:: Extracted records ::
--------

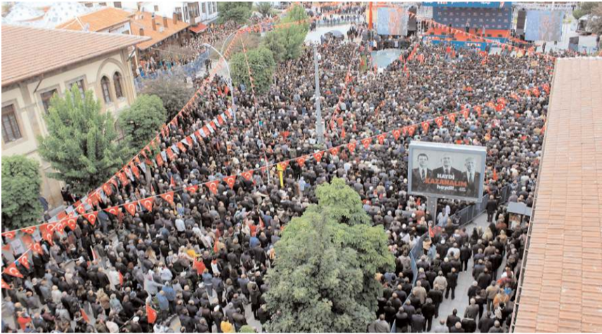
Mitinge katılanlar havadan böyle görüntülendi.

--------

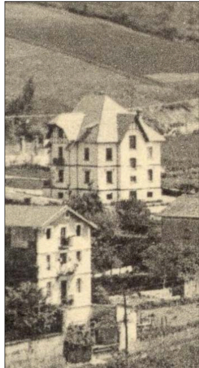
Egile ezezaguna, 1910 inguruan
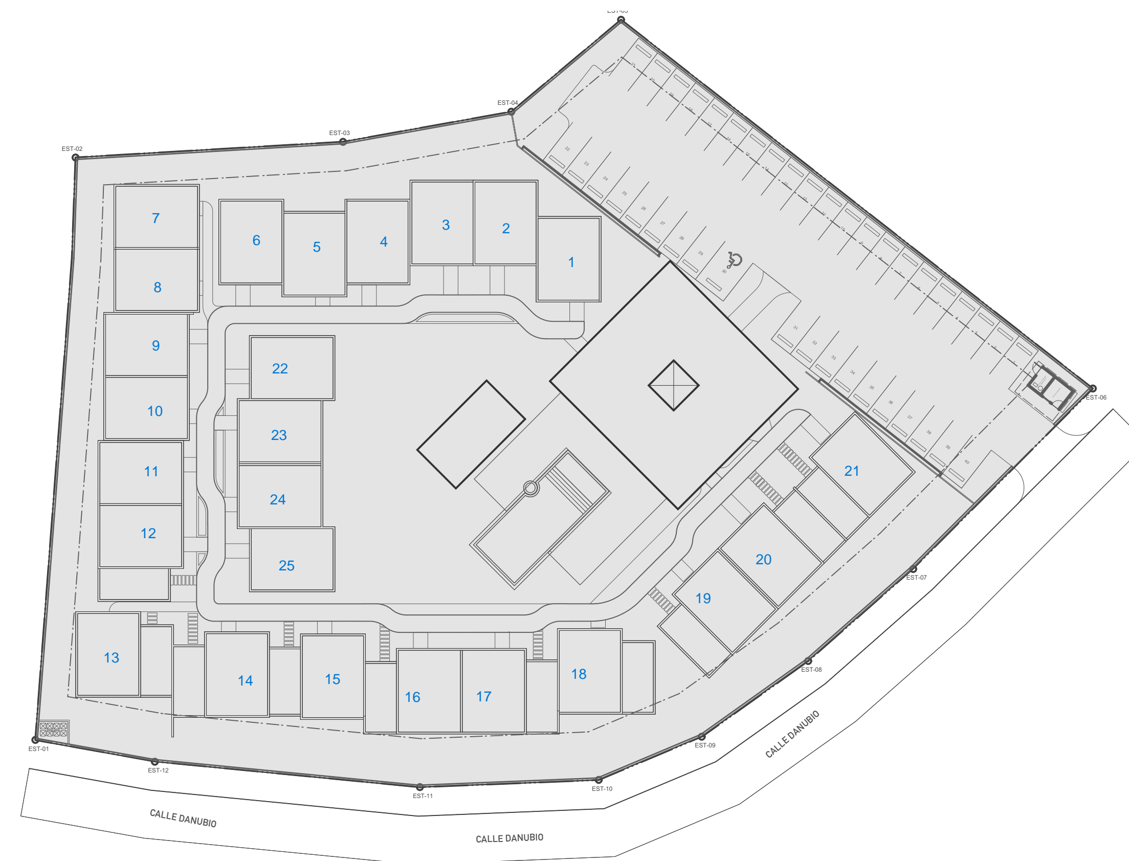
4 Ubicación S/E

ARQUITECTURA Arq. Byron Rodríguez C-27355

--------

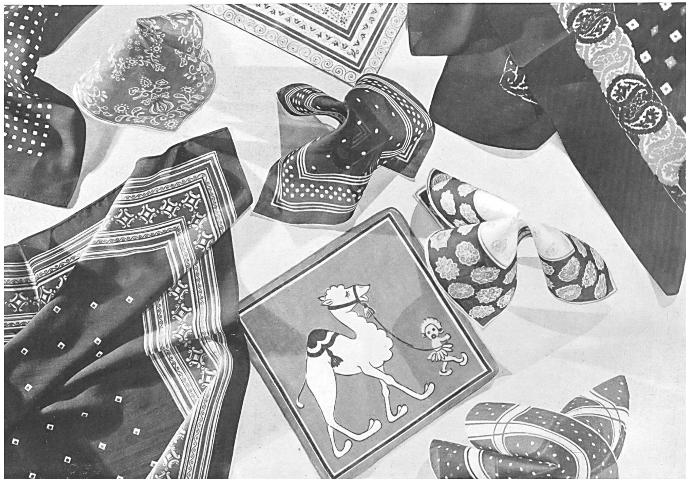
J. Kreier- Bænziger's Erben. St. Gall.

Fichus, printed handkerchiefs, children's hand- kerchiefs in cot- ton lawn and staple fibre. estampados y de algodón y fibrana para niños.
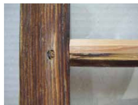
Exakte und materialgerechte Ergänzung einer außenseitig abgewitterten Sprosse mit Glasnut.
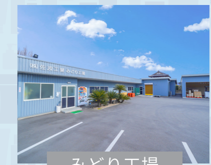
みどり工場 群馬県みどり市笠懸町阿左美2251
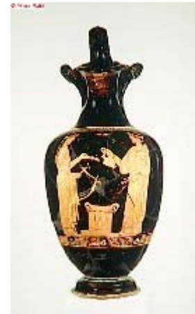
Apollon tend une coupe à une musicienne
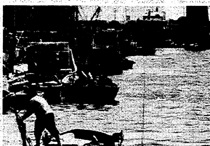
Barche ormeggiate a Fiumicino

--------

:: What the exercise asks ::
Above are the records. Copy only the lines from the one with "みどり工場 群馬県みどり市笠懸町阿左美2251" through the one with "Barche ormeggiate a Fiumicino", exactly, with no pictures.

:: Result for this task ::
みどり工場 群馬県みどり市笠懸町阿左美2251
Apollon tend une coupe à une musicienne
Barche ormeggiate a Fiumicino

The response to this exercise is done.